The mysterious door at 6763 Hollywood Boulevard, a well preserved, two-story Classic Revival building. In the twenties, the Montmartre Café, a popular nightclub, was up on the second floor, and next door was the Embassy Club, a fashionable private club that catered to Hollywood's elite back then. It's all locked up now. Those days are long gone. The star in the sidewalk there, in the Walk of Fame, reads Jascha Heifetz.
Jascha Heifetz (1901-1987) was, they say, the greatest violinist of the 20th Century. So he gets his star in the sidewalk in Hollywood.

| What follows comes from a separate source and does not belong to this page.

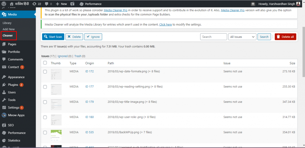 प्लगइन को एक्टिवटे करने के बाद आपको , अपने वर्डप्रेस मीडिया लाइब्रेरी इमेजेज देखने और उनका विश्लेषण करने के लिए Media >> Cleaner पेज पर जाएं।

Heifetz was born in Vilna in Lithuania, then a part of Russia. But he's really a local. Yeah, when he was twelve he met Fritz Kreisler for the first time in a Berlin private home with all the big gun violinists of the day, and the story goes that when Kreisler finished accompanying Heifetz at the piano (the Mendelssohn Concerto), Kreisler said to them all, "Now we can all break our fiddles across our knees." And there was the first time Heifetz played in the United States - October 27, 1917, Carnegie Hall. Violinist Mischa Elman in the audience complained - "Phew, it's hot in here." Leopold Godowsky, in the next seat, smiled and said "not for pianists." Heifetz became an American citizen in 1925 and ended up out here. When he told Harpo Marx (a great admirer) that he had been earning his living as a musician since the age of seven, Harpo quipped, "and I suppose before that you were just a bum." Harpo Marx did speak, after all. Hollywood in its Golden Age must have been a strange place.